──────── Records supplied
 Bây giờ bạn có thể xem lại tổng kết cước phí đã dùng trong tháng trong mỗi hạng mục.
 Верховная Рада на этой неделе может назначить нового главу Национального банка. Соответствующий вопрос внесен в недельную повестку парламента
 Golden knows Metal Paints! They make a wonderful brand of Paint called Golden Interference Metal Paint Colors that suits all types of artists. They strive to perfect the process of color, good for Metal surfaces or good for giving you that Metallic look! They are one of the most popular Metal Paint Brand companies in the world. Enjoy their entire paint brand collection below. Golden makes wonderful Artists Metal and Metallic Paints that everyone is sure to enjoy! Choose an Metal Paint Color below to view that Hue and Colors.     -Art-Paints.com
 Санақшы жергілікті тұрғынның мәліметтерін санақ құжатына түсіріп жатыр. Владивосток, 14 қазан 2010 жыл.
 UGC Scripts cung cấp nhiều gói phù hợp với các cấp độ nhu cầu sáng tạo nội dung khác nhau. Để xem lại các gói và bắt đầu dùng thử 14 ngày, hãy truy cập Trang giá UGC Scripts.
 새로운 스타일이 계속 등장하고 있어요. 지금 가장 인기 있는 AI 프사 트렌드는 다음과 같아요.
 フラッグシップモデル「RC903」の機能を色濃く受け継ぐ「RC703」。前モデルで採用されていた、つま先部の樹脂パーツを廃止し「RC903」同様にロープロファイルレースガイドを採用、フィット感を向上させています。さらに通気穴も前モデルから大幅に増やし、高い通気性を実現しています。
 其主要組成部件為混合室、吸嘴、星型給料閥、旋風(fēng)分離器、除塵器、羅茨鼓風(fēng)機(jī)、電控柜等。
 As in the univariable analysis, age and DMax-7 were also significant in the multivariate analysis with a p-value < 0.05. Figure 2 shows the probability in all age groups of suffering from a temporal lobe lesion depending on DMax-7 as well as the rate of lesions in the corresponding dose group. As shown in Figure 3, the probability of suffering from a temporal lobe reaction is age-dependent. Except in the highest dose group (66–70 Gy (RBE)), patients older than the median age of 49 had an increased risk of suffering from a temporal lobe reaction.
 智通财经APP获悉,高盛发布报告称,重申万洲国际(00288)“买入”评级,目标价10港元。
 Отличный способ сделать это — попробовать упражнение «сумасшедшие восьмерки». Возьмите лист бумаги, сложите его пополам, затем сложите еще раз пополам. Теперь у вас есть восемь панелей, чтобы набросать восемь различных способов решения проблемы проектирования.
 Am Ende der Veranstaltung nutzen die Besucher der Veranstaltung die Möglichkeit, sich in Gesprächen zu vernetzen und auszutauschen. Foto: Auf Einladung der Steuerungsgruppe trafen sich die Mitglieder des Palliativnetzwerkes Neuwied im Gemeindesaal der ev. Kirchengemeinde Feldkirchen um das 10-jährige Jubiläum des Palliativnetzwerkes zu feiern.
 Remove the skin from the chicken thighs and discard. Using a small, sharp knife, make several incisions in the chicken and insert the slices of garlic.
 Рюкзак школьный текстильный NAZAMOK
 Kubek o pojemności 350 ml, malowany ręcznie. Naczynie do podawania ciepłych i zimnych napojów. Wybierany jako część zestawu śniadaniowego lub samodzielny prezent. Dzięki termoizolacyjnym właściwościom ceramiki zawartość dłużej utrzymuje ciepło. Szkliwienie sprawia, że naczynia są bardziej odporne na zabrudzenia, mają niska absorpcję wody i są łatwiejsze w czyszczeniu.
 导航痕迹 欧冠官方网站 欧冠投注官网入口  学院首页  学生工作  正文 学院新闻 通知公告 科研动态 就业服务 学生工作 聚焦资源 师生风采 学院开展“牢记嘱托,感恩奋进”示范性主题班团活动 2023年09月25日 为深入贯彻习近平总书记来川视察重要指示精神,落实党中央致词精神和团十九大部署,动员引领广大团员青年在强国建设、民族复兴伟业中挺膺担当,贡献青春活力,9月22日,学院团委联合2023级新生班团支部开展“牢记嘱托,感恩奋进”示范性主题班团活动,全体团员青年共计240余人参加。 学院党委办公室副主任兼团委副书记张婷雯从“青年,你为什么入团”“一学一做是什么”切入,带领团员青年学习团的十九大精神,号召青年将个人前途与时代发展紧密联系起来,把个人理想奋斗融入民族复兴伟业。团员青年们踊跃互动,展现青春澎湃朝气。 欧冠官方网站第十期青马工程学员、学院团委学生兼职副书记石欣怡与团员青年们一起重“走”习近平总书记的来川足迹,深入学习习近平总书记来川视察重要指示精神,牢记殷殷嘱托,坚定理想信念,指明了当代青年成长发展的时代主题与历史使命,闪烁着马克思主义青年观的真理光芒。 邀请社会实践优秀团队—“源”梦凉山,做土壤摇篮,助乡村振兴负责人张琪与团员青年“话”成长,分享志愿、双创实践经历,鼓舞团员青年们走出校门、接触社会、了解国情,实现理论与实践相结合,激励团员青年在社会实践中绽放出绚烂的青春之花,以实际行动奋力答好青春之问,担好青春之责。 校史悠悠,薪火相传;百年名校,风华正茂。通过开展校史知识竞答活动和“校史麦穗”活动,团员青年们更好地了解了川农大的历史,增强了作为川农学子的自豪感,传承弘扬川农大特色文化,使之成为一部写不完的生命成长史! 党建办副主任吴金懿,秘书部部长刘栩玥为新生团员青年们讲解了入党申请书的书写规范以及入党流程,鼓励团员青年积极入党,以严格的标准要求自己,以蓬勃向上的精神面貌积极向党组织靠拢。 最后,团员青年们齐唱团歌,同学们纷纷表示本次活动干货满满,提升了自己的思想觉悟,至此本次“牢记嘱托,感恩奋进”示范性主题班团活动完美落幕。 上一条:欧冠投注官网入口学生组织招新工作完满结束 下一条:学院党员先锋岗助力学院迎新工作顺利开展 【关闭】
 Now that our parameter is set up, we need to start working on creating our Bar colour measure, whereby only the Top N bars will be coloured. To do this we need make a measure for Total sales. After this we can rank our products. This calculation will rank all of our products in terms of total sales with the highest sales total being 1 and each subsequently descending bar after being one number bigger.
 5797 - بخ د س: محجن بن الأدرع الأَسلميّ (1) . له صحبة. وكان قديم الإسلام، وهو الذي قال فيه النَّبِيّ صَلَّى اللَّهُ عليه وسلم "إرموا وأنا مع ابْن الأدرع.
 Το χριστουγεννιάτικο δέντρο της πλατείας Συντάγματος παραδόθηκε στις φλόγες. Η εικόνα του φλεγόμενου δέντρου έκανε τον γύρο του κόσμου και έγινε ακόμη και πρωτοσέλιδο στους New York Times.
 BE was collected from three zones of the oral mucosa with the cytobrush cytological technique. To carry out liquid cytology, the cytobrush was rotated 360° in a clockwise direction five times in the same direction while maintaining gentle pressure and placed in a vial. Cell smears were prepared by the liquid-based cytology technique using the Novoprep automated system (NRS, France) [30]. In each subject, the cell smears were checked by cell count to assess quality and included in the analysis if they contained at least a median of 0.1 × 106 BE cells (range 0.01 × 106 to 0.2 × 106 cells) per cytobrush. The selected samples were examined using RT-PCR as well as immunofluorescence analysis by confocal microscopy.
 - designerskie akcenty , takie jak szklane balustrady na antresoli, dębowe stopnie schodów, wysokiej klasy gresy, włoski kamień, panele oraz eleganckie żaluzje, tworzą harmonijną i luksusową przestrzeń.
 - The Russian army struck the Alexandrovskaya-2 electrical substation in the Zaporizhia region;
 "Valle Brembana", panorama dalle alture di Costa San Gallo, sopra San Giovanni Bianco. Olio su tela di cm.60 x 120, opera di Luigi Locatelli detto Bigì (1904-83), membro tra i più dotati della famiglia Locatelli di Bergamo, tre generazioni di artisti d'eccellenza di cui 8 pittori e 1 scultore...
────────────────
- **What to produce**
Above are the records; from them, give again exactly the lines from the one containing "Golden knows Metal" through the one containing "Am Ende der", both included.

- **Solution to this exercise**
 Golden knows Metal Paints! They make a wonderful brand of Paint called Golden Interference Metal Paint Colors that suits all types of artists. They strive to perfect the process of color, good for Metal surfaces or good for giving you that Metallic look! They are one of the most popular Metal Paint Brand companies in the world. Enjoy their entire paint brand collection below. Golden makes wonderful Artists Metal and Metallic Paints that everyone is sure to enjoy! Choose an Metal Paint Color below to view that Hue and Colors.     -Art-Paints.com
 Санақшы жергілікті тұрғынның мәліметтерін санақ құжатына түсіріп жатыр. Владивосток, 14 қазан 2010 жыл.
 UGC Scripts cung cấp nhiều gói phù hợp với các cấp độ nhu cầu sáng tạo nội dung khác nhau. Để xem lại các gói và bắt đầu dùng thử 14 ngày, hãy truy cập Trang giá UGC Scripts.
 새로운 스타일이 계속 등장하고 있어요. 지금 가장 인기 있는 AI 프사 트렌드는 다음과 같아요.
 フラッグシップモデル「RC903」の機能を色濃く受け継ぐ「RC703」。前モデルで採用されていた、つま先部の樹脂パーツを廃止し「RC903」同様にロープロファイルレースガイドを採用、フィット感を向上させています。さらに通気穴も前モデルから大幅に増やし、高い通気性を実現しています。
 其主要組成部件為混合室、吸嘴、星型給料閥、旋風(fēng)分離器、除塵器、羅茨鼓風(fēng)機(jī)、電控柜等。
 As in the univariable analysis, age and DMax-7 were also significant in the multivariate analysis with a p-value < 0.05. Figure 2 shows the probability in all age groups of suffering from a temporal lobe lesion depending on DMax-7 as well as the rate of lesions in the corresponding dose group. As shown in Figure 3, the probability of suffering from a temporal lobe reaction is age-dependent. Except in the highest dose group (66–70 Gy (RBE)), patients older than the median age of 49 had an increased risk of suffering from a temporal lobe reaction.
 智通财经APP获悉,高盛发布报告称,重申万洲国际(00288)“买入”评级,目标价10港元。
 Отличный способ сделать это — попробовать упражнение «сумасшедшие восьмерки». Возьмите лист бумаги, сложите его пополам, затем сложите еще раз пополам. Теперь у вас есть восемь панелей, чтобы набросать восемь различных способов решения проблемы проектирования.
 Am Ende der Veranstaltung nutzen die Besucher der Veranstaltung die Möglichkeit, sich in Gesprächen zu vernetzen und auszutauschen. Foto: Auf Einladung der Steuerungsgruppe trafen sich die Mitglieder des Palliativnetzwerkes Neuwied im Gemeindesaal der ev. Kirchengemeinde Feldkirchen um das 10-jährige Jubiläum des Palliativnetzwerkes zu feiern.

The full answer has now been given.